New laws passed in Sacramento will have several impacts on roads this year and drivers are encouraged to learn the new rules before they get an avoidable ticket.

According to the California Highway Patrol, drivers will face an additional penalty for using a cell phone while driving.

“Current law prohibits a person from driving a motor vehicle while using a wireless telephone in a handheld manner; if found in violation, the offense is punishable by a fine,” said CHP Director of Communications Fran Clader. “However, beginning July 1, 2021, this new law will levy an additional penalty on a driver found in violation of California’s hands-free law:  a point will be added on to a driver’s record for each hands-free violation occurring within 36 months of a prior conviction for the same offense.”

A pair of new rules modify the use of deadly force for police officers. Under current rules, the use of deadly force by a peace officer is justifiable when the officer reasonably believes it is necessary. Section 835a of the Penal Code amends the reasonable force standard to “objectively reasonable force.” A corresponding rule requires law enforcement agencies to rewrite use of force policy and provide mandatory training to all officers in order to comply with the new law.

A new law by Assemblymember Robert Rivas (D-Hollister) allows bicycles to travel straight through a right or left-hand turn-only lane while at an intersection, if an official traffic control device indicates the movement is permitted. The rule means bicycle riders will not have to merge left when the bike lane becomes a right turn lane.

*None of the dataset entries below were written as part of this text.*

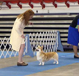 Cal has three BOBs from the BBE under herding breeder judges Teddy McDowell, Harlowe Jahelka, and Beth Lachnitt. Cal and I stepped into BredBy at the 2005 PWCCA National with breed friends, idols & icons. Anne Bowes made my national with kind comment after the class. ;) His next show out, Mar.'06 Columbia, MO--the four point major in dogs was awarded by Mr. Paul Thomann, to finish Cal here in the states. |
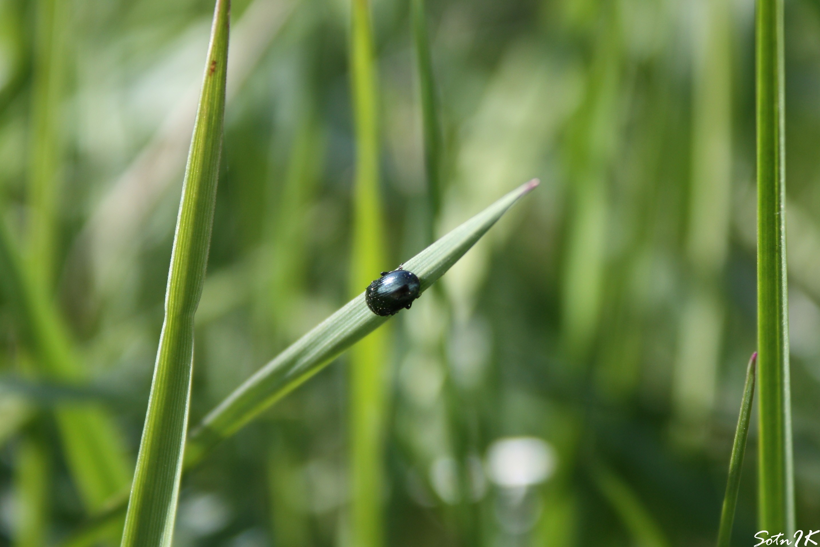 Скачать обои для рабочего стола Черный жучок на листочке травы и фото
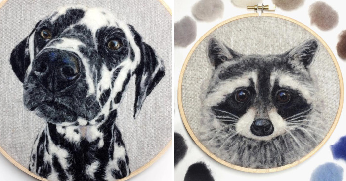 The portraits made by the artist Dani Ives seem to carry several brush strokes of ink but are incredibly produced only with wool and needle.
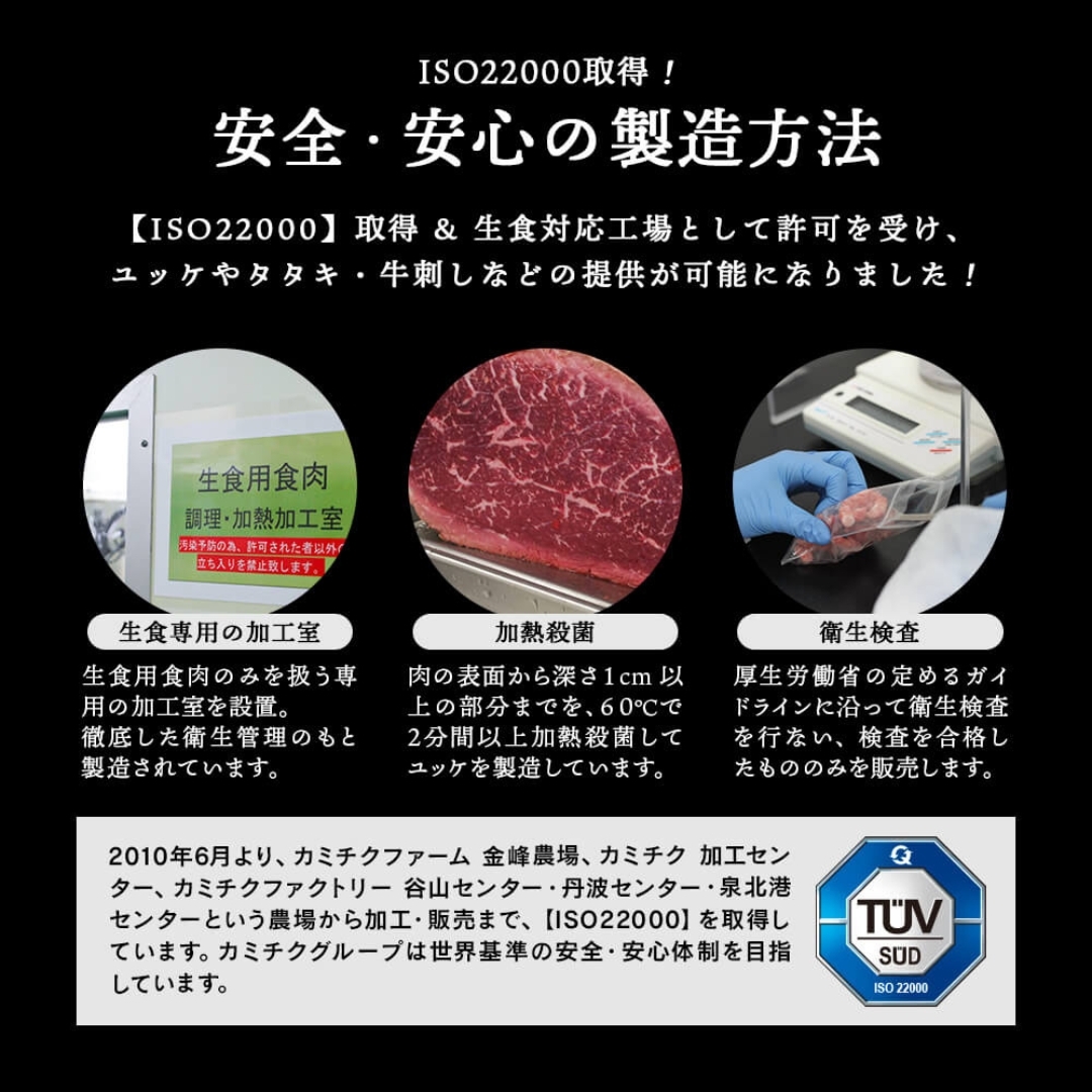ISO22000認証取得の生食認定自社工場で製造された安全・安心の牛ユッケ。

“AB 1266 bill will make our roadways safer for everyone by matching street design with the already practiced, safe behavior of cyclists at busy intersections. I’m committed to making sure Californians have safe, healthy, and non-polluting transportation choices as we expand our efforts to combat climate change,” said Assemblymember Robert Rivas

Caltrans is required to develop standards for lane striping, pavement marking, and appropriate regulatory signs to implement this bill.

An omnibus bill made several changes to road rules including allowing motor carriers of property can continue operating for 30 days past their permit expiration date, under specified circumstances.

This legislation also expands prohibitions on the consumption of cannabis, in any manner, by passengers in a bus, taxicab, pedicab, limousine, housecars, or camper.  This exemption is now only applicable to alcoholic beverages consumed by passengers in these types of vehicles.

Perhaps the most misunderstood rules change impacts animal carcasses on the roadside.

A new rule has directed the Fish and Game Commission, in consultation with the CHP and other stakeholders, to establish a wildlife salvage pilot program authorizing the issuance of a permit for the removal and recovery of deer, elk, pronghorn antelope, and wild pigs killed because of a collision with a vehicle, if the wild game meat is used for human consumption. The rule has not made it legal to take or consume roadkill and drivers cannot take animals from the road until the permit process is in place.

Starting October 1, 2020, any individual who plans to fly within the United States or access federally secure facilities and military bases will be required to have a REAL ID or other federally approved document, such as a U.S. passport.

Californians applying for a REAL ID are required to visit a DMV field office with the following items: an identity document, such as a valid passport or original birth certificate (if you’ve changed your name, legal name change document(s) might be required). A document with the entire Social Security number visible, such as an original Social Security card or W-2 form. Two hard copy documents showing California residency, such as a utility or cell phone bill, bank statement, or mortgage bill.

“With the October 2020 REAL ID federal enforcement date in sight, we hope Californians will make a resolution to be #REALIDready so they are able to fly domestically,” DMV Director Steve Gordon said. “Anyone who shows up at the airport this October without the correct ID risks being turned away. We urge Californians to beat the anticipated last-minute rush and take care of their REAL ID needs today.”